К югу от Березова на несколько квадратных километров простиралась зарастающая кедром старая гарь. Многочисленные редины и брусничники этой гари служили местами постоянных тетеревиных токов. Я не видел токов, на которых токовало бы больше тридцати петухов, но зато самих токов было такое великое множество, что по утрам казалось, будто сама земля гудела и бурлила по-тетеревиному. Звук тетеревиных песен каждое утро был настолько сильным, что его слышно было, наверное, во всем Березове. Во всяком случае, в доме, в котором жил я, его было слышно даже сквозь окна и бревенчатые стены. Я просыпался под неумолчное гудение тетеревиных токов и, если не нужно было идти в школу, наскоро одевался, хватал ружье и патроны и бежал на гарь. Правда, на токах мне не очень везло, но они волновали меня так сильно, что я не мог не откликаться на их зов. Я крался из-за молодых кедров, полз прямо по снегу и по брусничнику, возвращался домой мокрый, обычно без добычи, но счастливый... Тетеревов в окрестностях Березова было так много, что их стреляли прямо на окраине, за школой и старым кладбищем...

В тайге за Березовом было много и глухарей, но мы почти не занимались охотой на них. Как-то, увлекшись скрадыванием перелетающих с кедра на кедр могучих петухов, я незаметно для себя ушел слишком далеко от реки. В мрачном сфагновом болоте, куда сквозь ветви деревьев не проникали солнечные лучи, я, наконец, добыл крупного старого глухаря. Каким же был мой ужас, когда я понял, что заблудился. Лишь с большим трудом я совладал со своими расходившимися нервами, заставил себя сориентироваться по солнцу и сначала шагом, а потом бегом кинулся по избранному направлению. Я бежал километра два или три, страх все более леденил и сковывал мою душу, пока в просветах между деревьями не показалась река... Больше я не ходил за глухарями в кедрачи вдоль реки Вогулки, да и нужды в этом особой не было.

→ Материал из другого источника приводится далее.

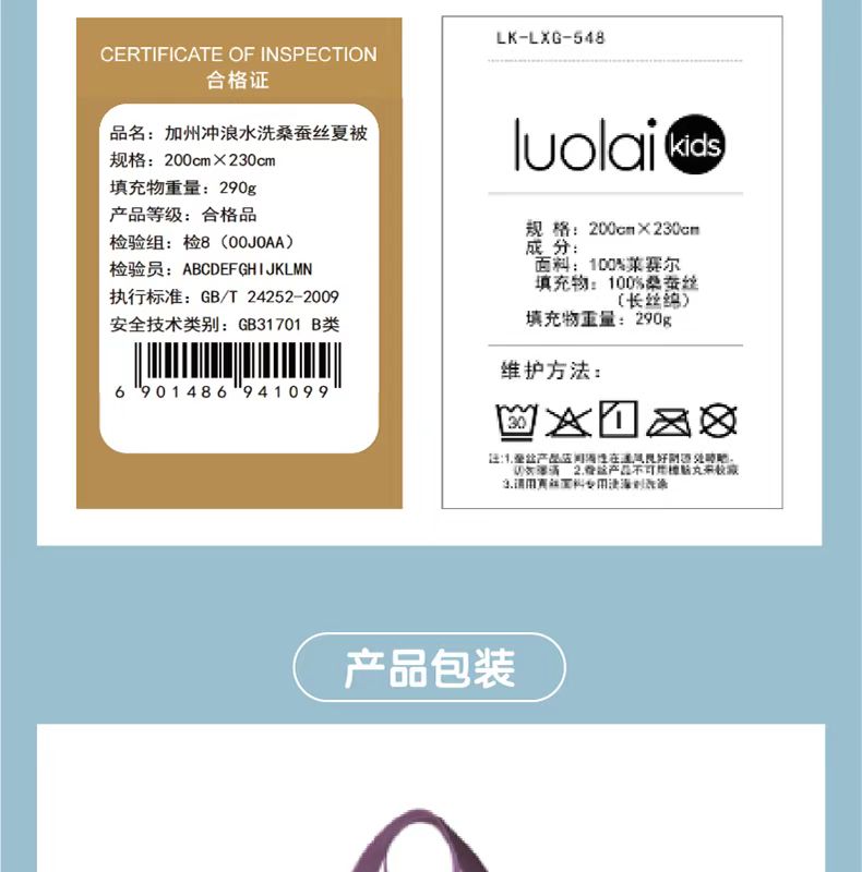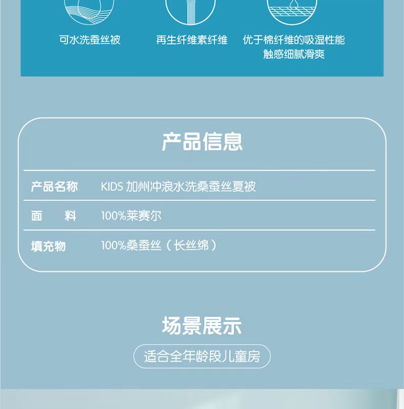 【6F】KIDS 加州冲浪水洗桑蚕丝夏被
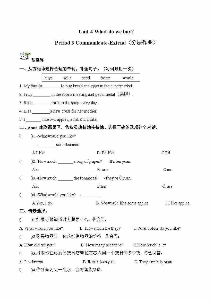 Unit 4 第3课时 Communicate-Extend(分层作业)英语沪教版四年级上册(新教材)

На тетеревиных токах меня преследовали неудачи. Охотиться же на белых куропаток было куда проще. Токующих петушков, украшенных ярко-оранжевыми галстуками, было слышно издалека. Они вылетали на опушки, на берега ручьев, на старые вырубки, и подойти к ним на выстрел было не слишком сложно...

Весна дарила таким избытком сил, что я готов был круглыми сутками бродить с ружьем и часто уходил далеко от дома тайгой вдоль берега Сосьвы, туда, где, ощетинившись старыми елями, в просторы еще замерзших вод врезался высокий Соровой мыс.

С тех пор прошло более тридцати лет, но и теперь я помню, как благоухала смолами весенняя тайга, каким особым ароматом дышали молодые кедры на старой гари. Они поднимались из земли сразу целыми пучками стволиков. Может быть, это кедровки (ронжи) растаскивали и разбрасывали шишки, и орешки прорастали почти одновременно. Потом большая часть стволиков отмирала, пока не оставался один, самый сильный. Весной на конце каждой кедровой веточки появлялась полупрозрачная крупная капля тонко пахнущей смолы. От тысяч и миллионов этих капель воздух в молодых кедрачах был насыщен дивным и, я думаю, целительным бальзамом.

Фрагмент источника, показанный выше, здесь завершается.